Das unter solchen Bedingungen im März 1930 eintretende Ende des Parteienstaates ist bekanntlich durch die Übertragung der Klassen-kampffront auf die Flügelparteien der die Reichsregierung bildenden Koalition in der fortschreitenden Wirtschaftskrise herbeigeführt worden. Die desintegrierenden Parteistandpunkte, vor allem bei der Deutschen Volkspartei und den Sozialdemokraten, hatten sich endgültig stärker gezeigt als die in der Stunde der Gefahr von vielen, besonders von Heinrich Brüning, beschworene Pflicht zum Zurückstellen des Trennenden um der Rettung des Staates willen. So wie die kaiserliche Innenpolitik 1917/18 im Zeichen der Vaterlandspartei auf eine schmale konservativ-rechtsliberale Basis reduziert worden war, so schrumpfte 1930 die sichere Plattform des Staates im wesentlichen auf die zwei Mittelparteien der ehemaligen Weimarer Koalition zusammen. In dieser Reduktion kam zum Ausdrude, daß endgültig nicht gelungen war, was 1919 auf der Tagesordnung gestanden hatte: die Sozialdemokratie zur bestimmenden, linksdemokratischen Staats-und Volkspartei zu machen. Weder hatten es die Führer und Funktionäre der Partei selbst vermocht, diese auf lange Sicht wahrscheinlich unaufhaltsame Entwicklung in die Hand zu nehmen, so daß sie zwischen „Staatspartei“ und „Klassenkampfpartei" hin-und hergerissen wurden, noch wurde den „Roten“'von der bürgerlichen Rechten, die in der Bürokratie und im Heer nach wie vor vorherrschte, zugestanden, daß sie als aufbauwillige politische Partner auf die Dauer in Betracht kommen durften. Wohl hatte die Eingliederung des Arbeiters in die Nation ebenso Fortschritte gemacht wie das Hineinwachsen der Sozialdemokratie in den Staat, aber die Feinde dieses Prozesses innerhalb und außerhalb der Partei waren zwN sehen 1920 und 1930 stets so stark, daß diese Entwicklung immer wieder verdächtigt und bekämpft wurde.
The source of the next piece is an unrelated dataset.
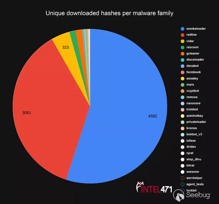 下面的圖表顯示了我們的惡意軟件情報系統檢測到的PrivateLoader為每個惡意軟件下載的唯一散列數量。這項 PPI 服務最多的惡意軟件是 Smokeloader、 Redline 和 Vidar:

Nicht minder verhängnisvoll für die Parteiendemokratie war der Schwund derjenigen Partei, die allein von Haus aus ohne innere Vorbehalte stets die Parlamentarisierung der Reichsverfassung bejaht hatte: der Linksliberalen, die sich 1918 folgerichtig als Demokraten bezeichnet hatten und 1930 die Entscheidungsstunde der deutschen Demokratie dadurch zu deuten versuchten, daß sie sich „Staatspartei“ nannten. Von 1919 bis 1930 waren sie von 5, 6 auf 1, 3 Millionen Stimmen, von 18, 6 auf 3, 8 Prozent des Stimmenanteils und von 75 auf 20 Reichstagsmandate zurückgegangen. Außerdem war die Deutsche Volkspartei fast unmittelbar nach dem Tode Stresemanns im Herbst 1929 nach rechts abgeschwenkt, ohne sich freilich damit retten zu können. Denn auch sie lag 1930 nur noch unwesentlich über der Stärke der demokratischen „Staatspartei“. Das Absterben des Liberalismus, soweit er in politischen Parteien in Erscheinung trat, war während der zwanziger Jahre fortgesetzt im Gange und 1932 so gut wie vollendet. Denn beide Parteien konnten in diesem Jahr nur noch 2 bis 3 Prozent der Wählerstimmen auf sich vereinigen.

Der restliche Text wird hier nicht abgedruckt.